Литмир - Электронная Библиотека
A
A

– Нет!

– Ты не очень-то идешь навстречу, детка. Да, кстати, я принесла тебе из мясной изумительное жабо. Мистер Дэнфорд такая прелесть.

– На у-улицу!!

– Не понимаю, почему вы оба так не хотите пойти навстречу. Твой отец, например... ну да ладно... Подумай, как мистер Харви, например, проделывает весь этот путь от Бамстедской церкви на своей крошечной машинке, со своим контрабасом сзади и своей, между прочим, завтрашней проповедью впереди! Стыдись, Оливер! Тебе должно быть стыдно, ведь когда мистер Харви был еще молодым человеком, он волок свой контрабас за велосипедом! У меня дух, бывало, перехватывало, когда он катил с горы из лесу и то и дело чуть не попадал под свой контрабас. И когда он влетал на Старый мост – о, это, я тебе скажу, было такое облегчение! Ка-аждый раз, когда в Стилборне исполнялась музыка, он крутил педали через весь лес – хотя на годик-другой ему, конечно, пришлось прерваться, когда на него свалился этот воз сена. Старик Воробей был пьян, и я все думаю, какое счастье, что его сын сразу стал перекидывать этот воз вилами и, обнаружив контрабас, моментально, конечно, понял, кто там лежит.

– Послушай, мама...

– К сожалению, нам, наверно, придется еще чуть-чуть разрезать. Ах, детка, надеюсь, там столько мозгов! Нет. Есть люди, с которыми просто что-то вечно случается. Ты, например. Помнишь, детка, как ты упал в пианино? Конечно, теперь-то он постарел и, между нами, стал глуховат. Такая жалость.

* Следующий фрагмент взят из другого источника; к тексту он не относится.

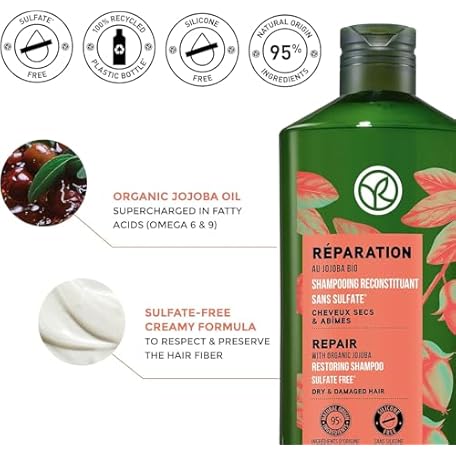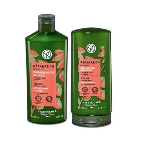 • Yves Rocher Reparation Duet for Nourishing and Restoring Hair with Jojoba Oil Shampoo and Balm-Conditioner Set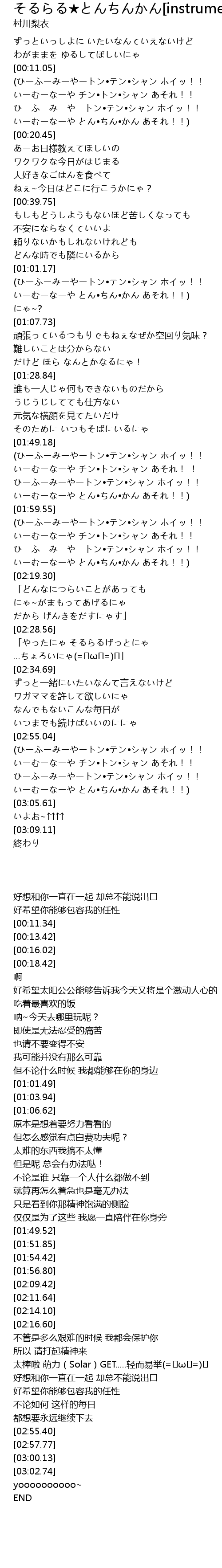 | [01:44.58] | そのために いつもそばにいるにゃ |

В четверг спутал номера на пюпитре и сыграл не тот. Хорошо еще, оба были на три четверти...

– Они все на три четверти. Всегда.

– ... так что все сошло, потому что одно ум-па-па не слишком отличается от другого ум-па-па, правда? Только он, к сожалению, продолжал свои ум-па-па, когда все остальные уже кончили, – и довольно долго. В результате, как ты мо-ожешь себе представить, детка, зал решил, что так надо, и не стал хлопать. Мистер Клеймор просто позеленел от злости.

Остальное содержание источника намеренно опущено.